Rosé, Red Onion and Fig Jam
Makes 6 half-pint jars
Rosé wine, savory onions and mustard, and sweet figs marry beautifully in this easy jam. It makes a lovely addition to a charcuterie board and is delicious on sharp cheeses and soft brie. Grab a bottle of rosé and a jar of this jam for the perfect host/hostess gift.
6 clean half-pint jars, lids and bands
1 pound red onions, sliced
1 pound dried figs, chopped
½ cup bottled lemon juice
2 ½ cups rosé wine, divided
2 teaspoons kosher salt
3 teaspoons mustard seeds
1½ cups sugar
2 teaspoons Pomona’s Universal Pectin
Place empty half-pint jars in a water canner. Fill the canner ⅔ full with water and bring to a boil. Turn off the heat, cover, and keep the jars in the hot water until the jam is ready.
In a medium soup pot, combine the sliced onions, chopped figs, lemon juice, 2 cups wine, salt and mustard seeds. Bring the mixture to a boil, reduce the heat to medium, and boil with the lid on for 10 minutes, until the onions and figs have softened.
Mix the sugar and pectin together in a small bowl until combined. Bring the fruit mixture back to a full boil. Add the sugar-pectin mixture and remaining ½ cup wine, then stir vigorously for 1 to 2 minutes to dissolve the pectin and sugar. Once the mixture comes back to a full boil, remove the pot from the heat.

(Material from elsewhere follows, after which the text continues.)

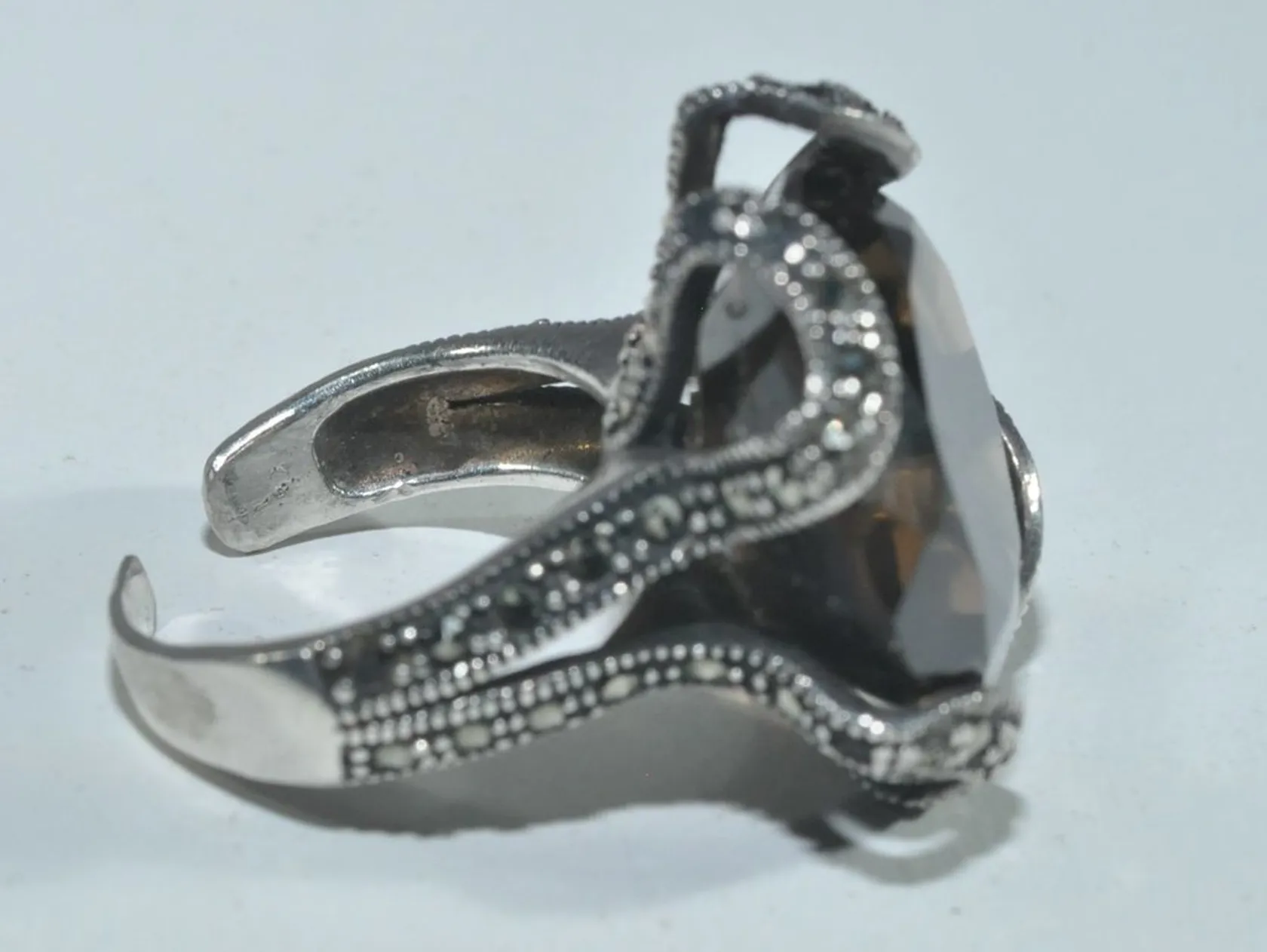 Ring öppen modell med stenar, bredd 21 mm, silver 925/1000 Vikt: 10,1 g.

Fill the hot half-pint jars with the jam, leaving ¼ inch of headspace. Wipe rims clean, place lids on, and screw bands on. Put the filled jars in the hot water canner. Bring the water back to a full boil, cover, and boil for 10 minutes. Remove the jars from the water and place in a safe spot to cool without touching for 24 hours. Refrigerate any jars that did not seal properly. The unopened jars will last up to 1 year stored in a dark, cool place. Opened jars should be stored in the refrigerator and consumed within 2 to 3 weeks.